In a secret cable dated May 7, 1980, preceding a scheduled meeting with General Chun, Ambassador Gleysteen wrote to his superiors in Washington: “In none of our discussions will we in any way suggest that the USG [U.S. government] opposes ROKG [Republic of Korea government] contingency plans to maintain law and order, if absolutely necessary,
General Chun did not wait long after talking with Gleysteen to complete the coup d’etat he had begun the previous December. Late on the night of May 17, 1980, General Chun expanded martial law, closed the universities, dissolved the National Assembly, banned all political activity, and arrested thousands of political leaders.13 Unlike Park, Chun had no following whatsoever outside the army.
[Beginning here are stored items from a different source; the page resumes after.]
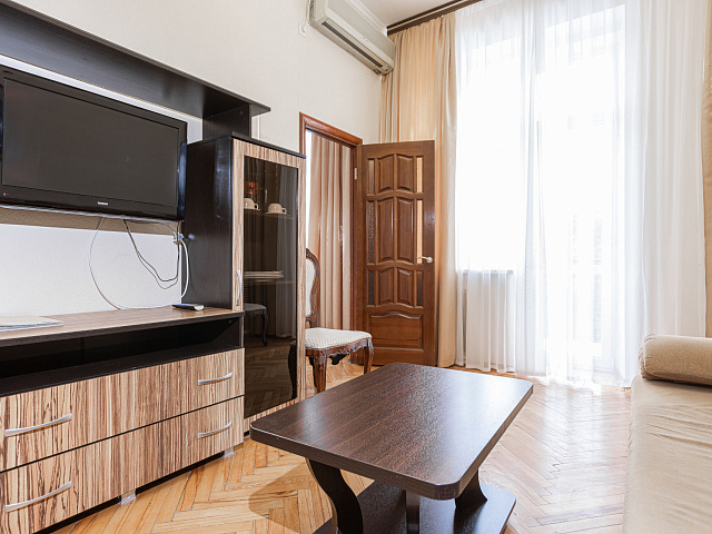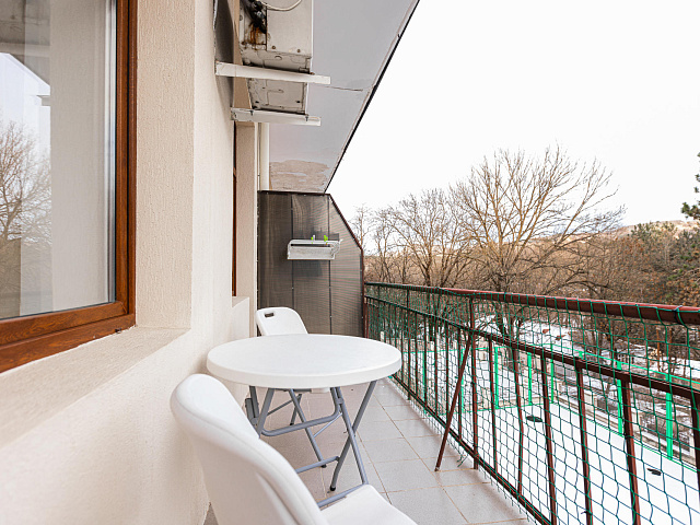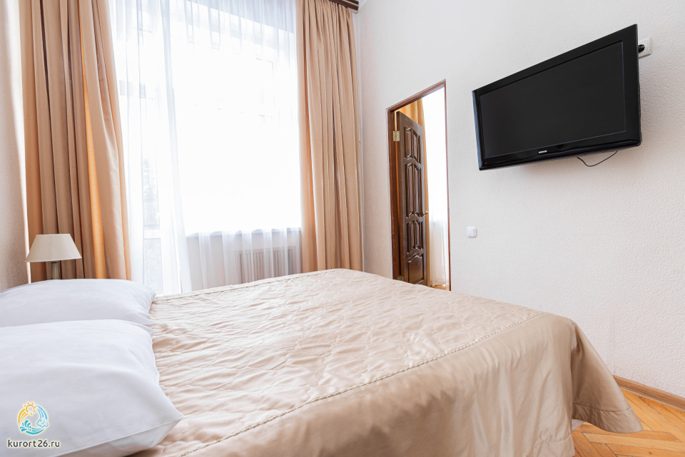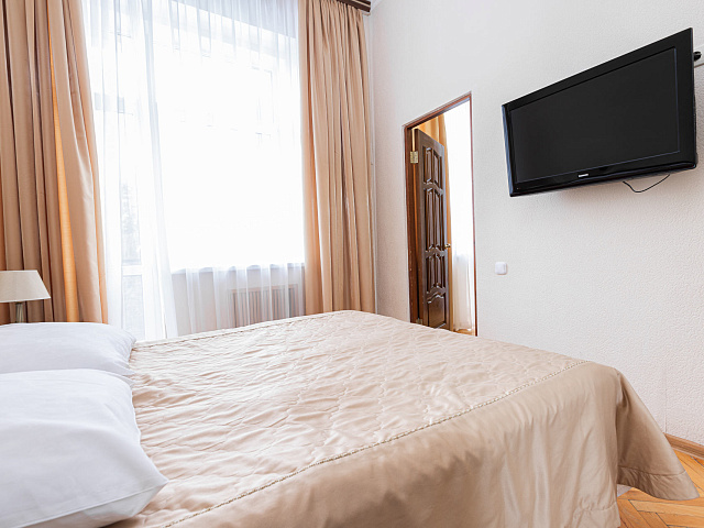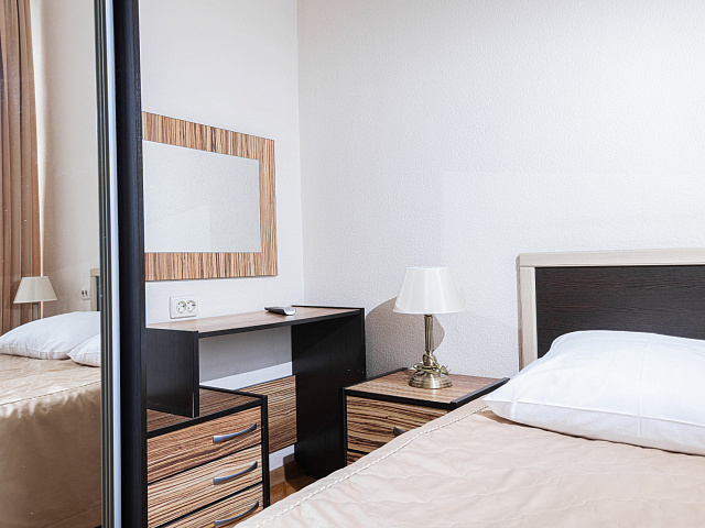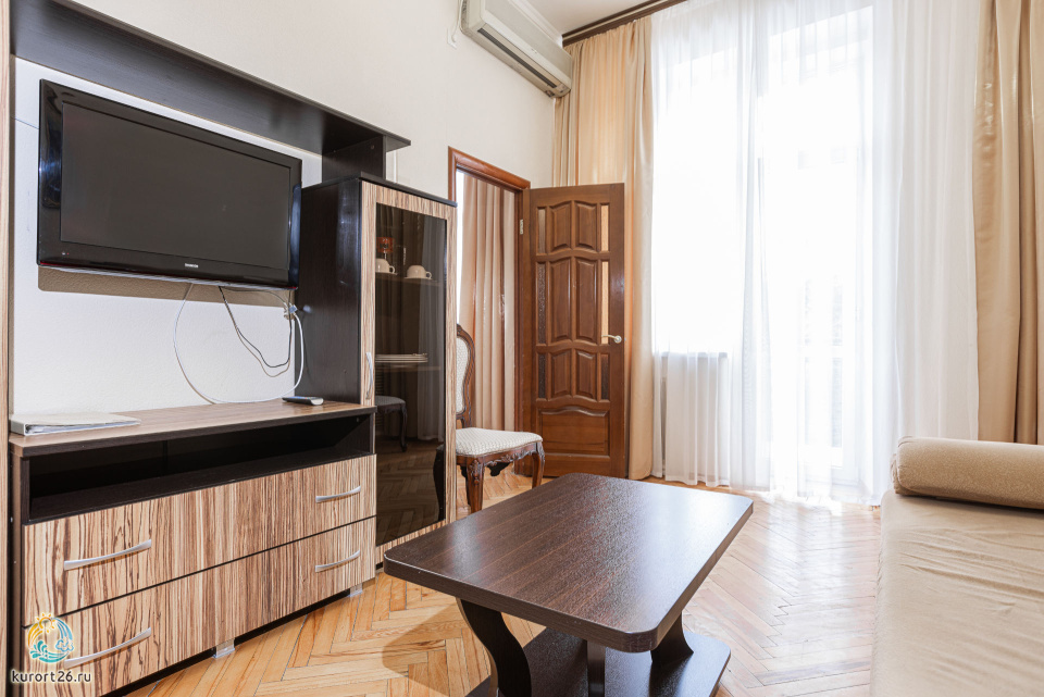 холодильник, кондиционер, чайник, фен, набор чайной посуды, утюг, балкон, ванные принадлежности, двуспальная кровать, набор мягкой мебели, прикроватные тумбочки, ванная комната, два телевизора
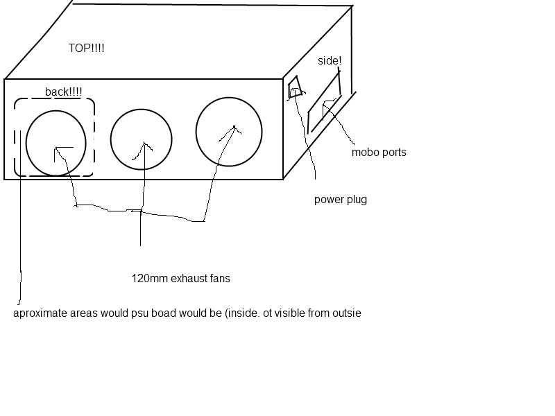 also: i am planning to remoe te metal casing of the psu and just mount the circuit board piece. so let me draw up a quick doodle but this may be far from what it will be like, since i havent meaaured the mobo r anything yet...
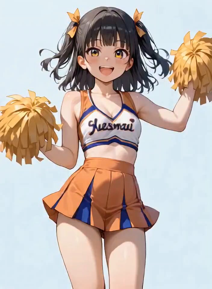 cheerleader,miniskirt,kneehighs,:d,happy,light_blush,Two Side Up Hair,1girl,loli,bishoujo,mesugaki,underage,black hair,small_breasts,slender_waist,hands on thighs,showcasing cleavage,emphasize the cleavage,posing,waving,
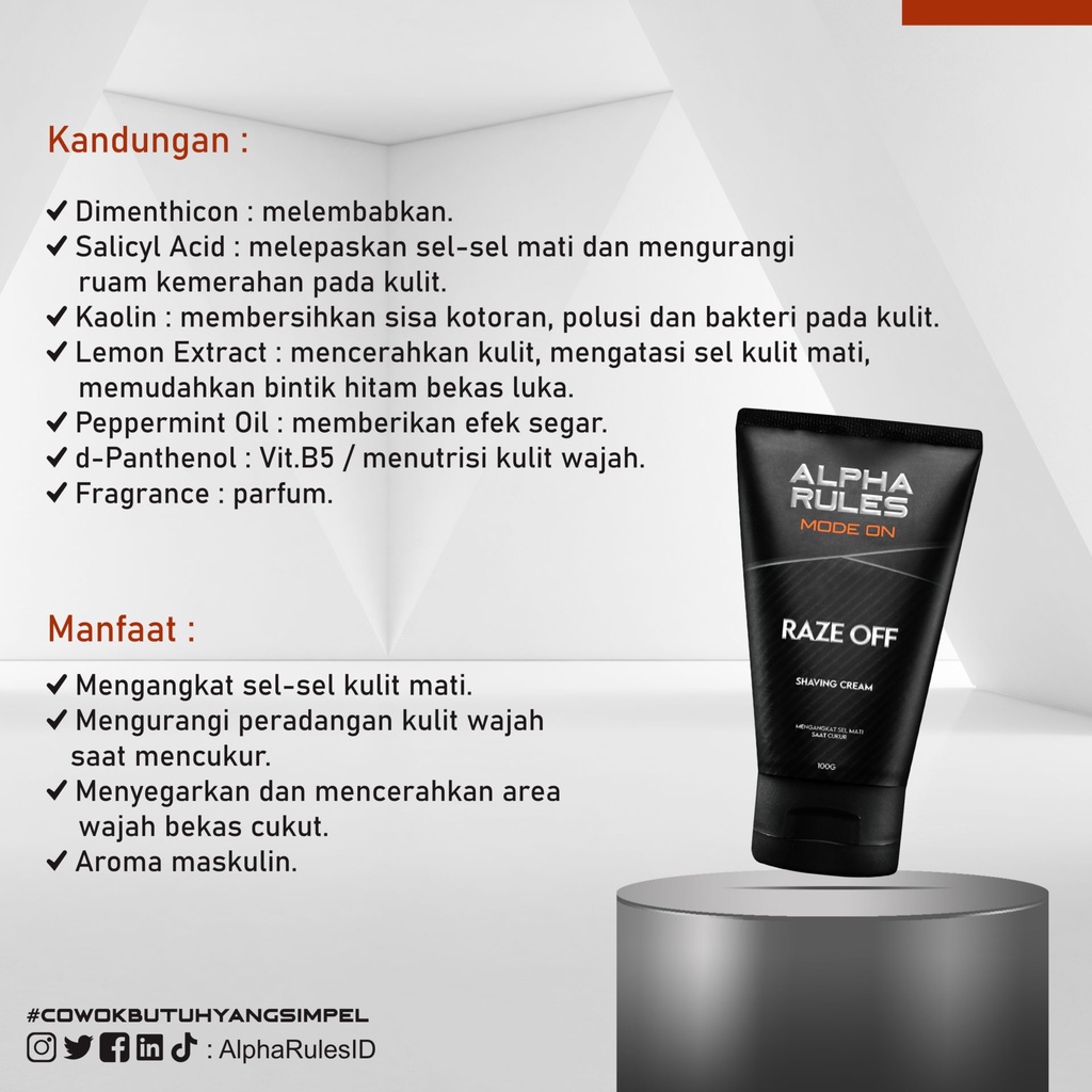 Detail [Per Buah] ALPHA RULES Raze Off Shaving Cream 100ml Original BPOM
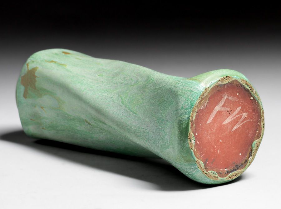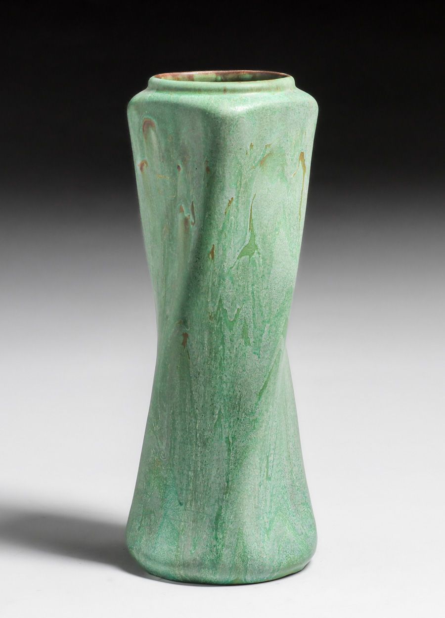 Zanesville Matte Green Twisted Vase c1910s. Unsigned. Perfect condition. 11.75"h x 4.5"d SOLD
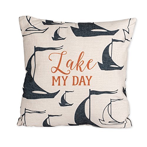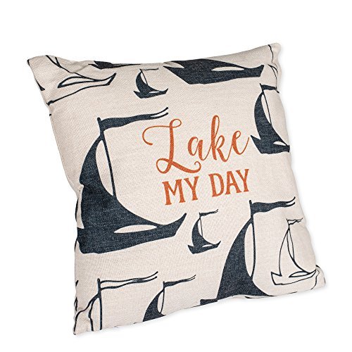 Mary Square Lake My Day Sailboat Silhouette 16 x 16 Linen Decorative Accent Throw Pillow
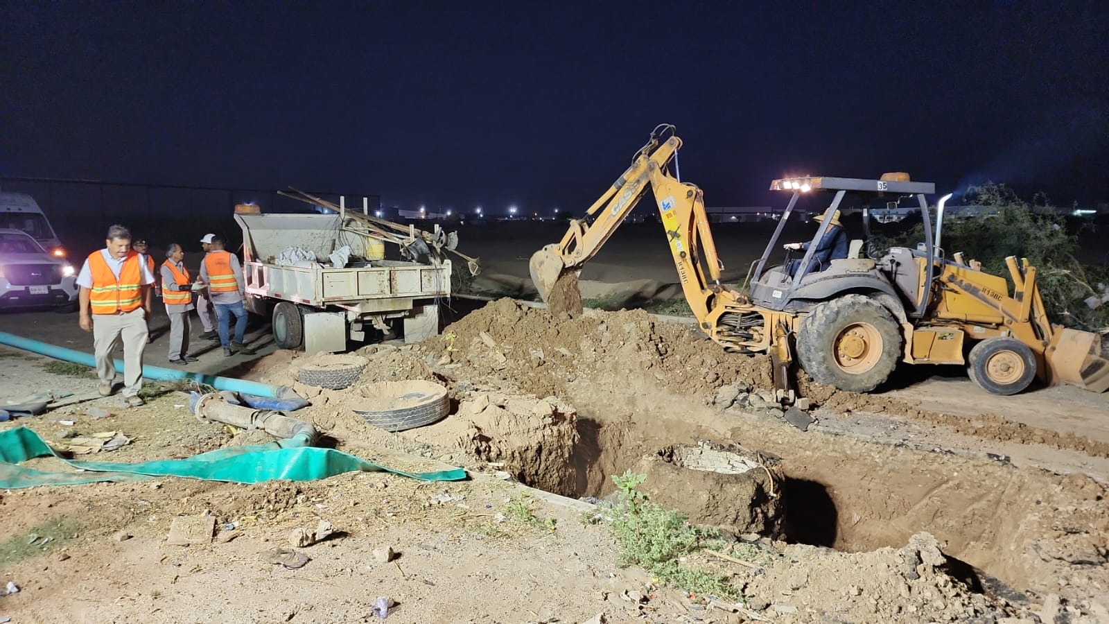 Para realizar los trabajos en cuestión se trasladó equipo y maquinaria pesada por parte de las cuadrillas del Departamento de Operación y Mantenimiento de Redes, que llevaron a cabo trabajos de desazolve y mantenimiento de 3 pozos de visita.

All Korean cities were tense with fury at his usurpation of power, but only in Kwangju did the situation explode, much in the same way it had in Budapest twenty-four years earlier. What resulted was, in the words of historian Donald Clark, “the most notorious act of political violence in South Korea’s history.” Professor Clark adds that the explicit American endorsement of Chun’s recapture of the city “forever associated the United States with the Kwangju Massacre.”14
On May 18, 1980, a few hundred demonstrators in Kwangju took to the streets to protest the imposition of martial law. They were met by paratroopers of the 7th Brigade of the Korean special forces, known as the “black berets,” who had a well-known reputation for brutality going back to their service on the American side in the Vietnam War. The 7th Brigade also included a battalion of infiltrators and provocateurs, who wore their hair long and dressed to look like students. According to eyewitnesses, the special forces troops set about bayoneting all the young men and women they could find and attacked others with flamethrowers. In a May 19 cable to Washington, Gleysteen wrote, “Rumors reaching Seoul of Kwangju rioting say special forces used fixed bayonets and inflicted many casualties on students. . . . Some in Kwangju are reported to have said that troops are being more ruthless than North Koreans ever were.”
In reaction to these acts of state terrorism, the whole population of Kwangju and sixteen of the twenty-six other municipalities of the South Cholla region rose in rebellion. They drove the paratroopers from the city, which citizens’ councils controlled for the next five days. They appealed to the U.S. embassy to intervene, but General Wickham had already released from his United Nations Command the forces Chun would use to retake the city. Gleysteen later claimed that he was unable to verify the authenticity of the mediation request and therefore decided not to act. “I grant it was the controversial decision, but it was the correct one. Do I regret it? I don’t think so.”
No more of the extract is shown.